**Assignment:** Leave out any pictures and transcribe all other data below exactly.

**Stored data:**

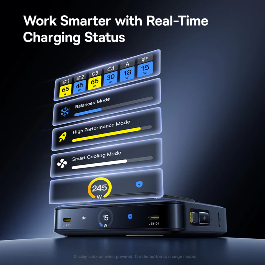 The Nomos NH21 has a built-in 3-inch LCD display, showing essential information such as real-time total power, modes, boot animation, wireless charging output, and more. Speaking of compatibility, the charger is compatible with a wide range of devices, including smartphones, tablets, laptops, drones, and cameras. Moreover, it supports PD 3.1, QC 4, PPS, and SCP fast charging protocols.
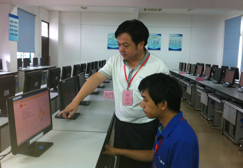 本网讯 日前,雷竞技官网2013年招生录取工作拉开帷幕。7月26日上午,党委书记黎冬、副校长赖志立到招生录取现场检查工作。
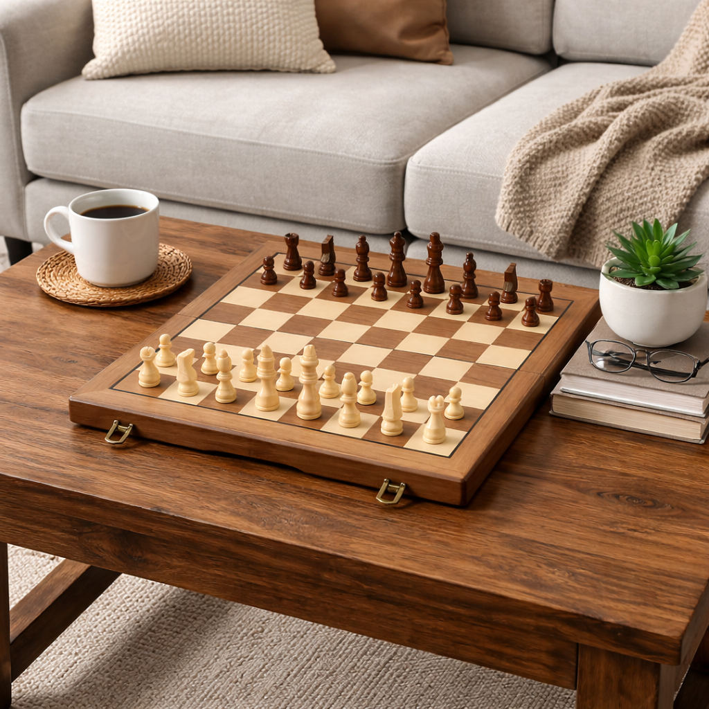 Transformez chaque partie en un véritable moment de plaisir avec ce jeu d’échecs en bois au design soigné.

**Exercise solution:**
 The Nomos NH21 has a built-in 3-inch LCD display, showing essential information such as real-time total power, modes, boot animation, wireless charging output, and more. Speaking of compatibility, the charger is compatible with a wide range of devices, including smartphones, tablets, laptops, drones, and cameras. Moreover, it supports PD 3.1, QC 4, PPS, and SCP fast charging protocols.
 本网讯 日前,雷竞技官网2013年招生录取工作拉开帷幕。7月26日上午,党委书记黎冬、副校长赖志立到招生录取现场检查工作。
 Transformez chaque partie en un véritable moment de plaisir avec ce jeu d’échecs en bois au design soigné.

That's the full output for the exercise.